Cassier et al use emmatuzumab to treat advanced DPVNS patients and follow-up for 12 months, which found a total efficiency of 86%.[10]Gelderblom et al treated nilotinib in 56 patients with advanced PVNS who could not be surgically and was controlled in 92.6% of patients.[21]A multicentre retrospective study of Verspoor et al was performed with imatinib in 62 patients with advanced or relapsed DPVNS patients. The result was found to be 31% overall efficient, and the 1 year after surgery and 5 years without progress Survival rates were 71% and 48% respectively.[22]Percidatinib is a more selective and more selective novel oral CSF-1R inhibitor. Giustini et al treated one patient with percidatinib, reducing its tumour volume by 48% and significantly improving both symptoms and function after 4 months.[23]Recently, a phase III clinical trial was treated with percidatinib in 61 patients with advanced PVNS. After 25 weeks, the total effective rate was 39% in the drug treatment group, while none in the placebo group was effective.[7]The results above all show that biologically targeted therapy has achieved some results and has good application prospects.

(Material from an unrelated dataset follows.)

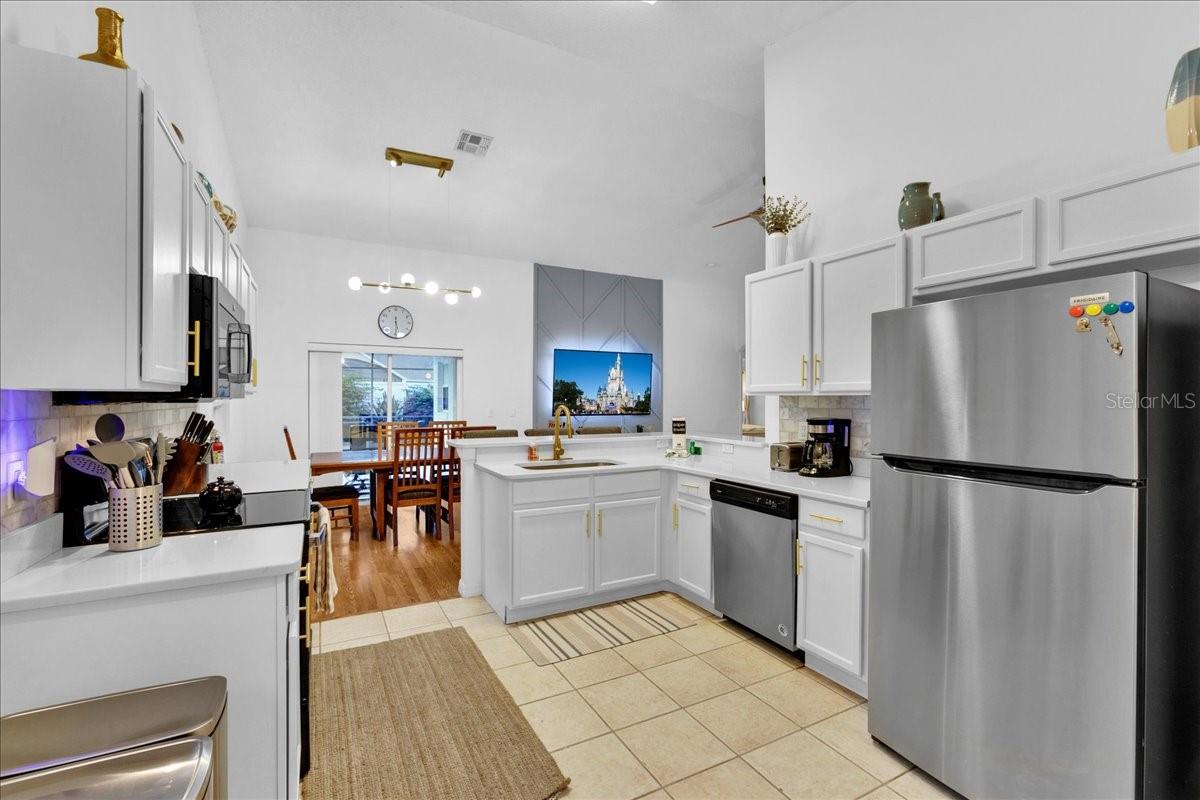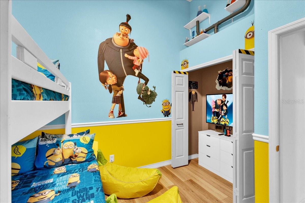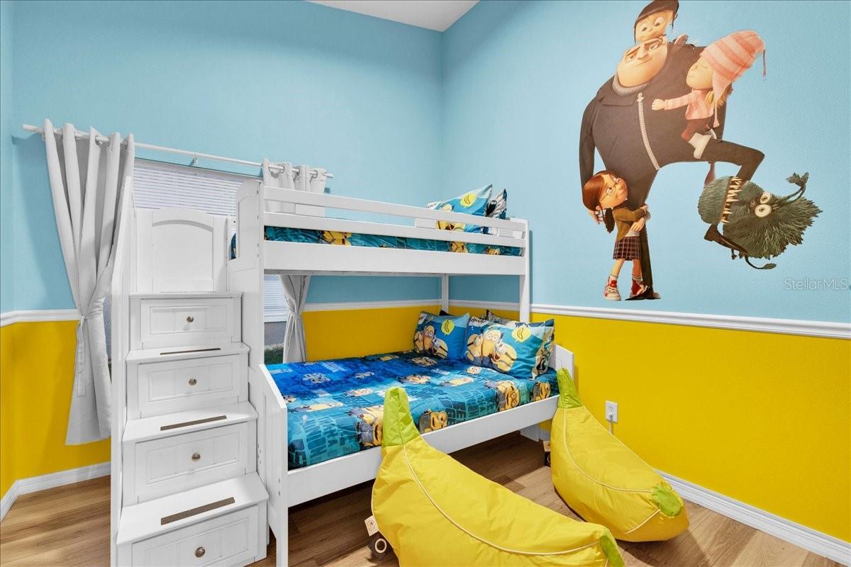 TOP-PRODUCING TURNKEY VACATION RENTAL less than 9 miles from Disney World! This Top 95/100 Airbnb has a 4.97-star rating with Super Host and “Guest Favorite” status. $43,000 in bookings in 2024 with only over 26 weeks occupancy (opportunity for DOUBLE income). This fully furnished, turnkey retreat blends comfort with entertainment seamlessly. Tall ceilings, private heated saltwater pool, large eat-in kitchen with quartz counters that leads to the family room with spacious seating. 4 bedrooms, 2 bathrooms. 2 Themed bedrooms (Star Wars and Minions) with connecting Nintendo Switch gaming stations. Master bedroom has ensuite bath that walks out to pool. Multiple bookings already secured into 2025. Recently renovated in 2024 with FULL roof replacement, new HVAC, new hot water heater, updated appliances, refinished cabinets, freshly painted bedrooms/bathrooms, updated bedroom flooring, and updated fixtures. TURNKEY property has camera security, smart locks, wifi thermostat, landscapers, pool maintenance, and cleaning service already in place. Close to Margaritaville, dozens of golf courses, great food, and all Disney parks! Universal Studios and other theme parks nearby. Price includes all furnishings, kitchen items, and linens.

Changing trends of pigmentation villonodular synovitis and its research
Based on the latest findings, percidatinib has been approved by the US Food and Drug Administration for the treatment of PVNS patients with severe dysfunction and contraindications to surgery. Percidatinib and imatinib are also listed as class 1 and 2A recommended drugs by the latest guidelines of the US National Comprehensive Cancer Network for the systemic treatment of PVNS patients.[24]Patients with PVNS urgently need a drug that can replace surgery, reduce pain, and reduce relapse.[25]The results of existing studies suggest that CSF-1R inhibitors have anti-tumumor activity and acceptable toxicity in patients with inoperable advanced PVNS. However, more research is still needed to address the following issues: Adaptation, treatment dose, course of usage; the combination of treatment methods.
In cases where responses to conventional treatments are poor, bio-targeted treatments show encouraging prospects. However, there is still a long way to go to large-scale applications. Further basic research and clinical trials are needed to accumulate more experience.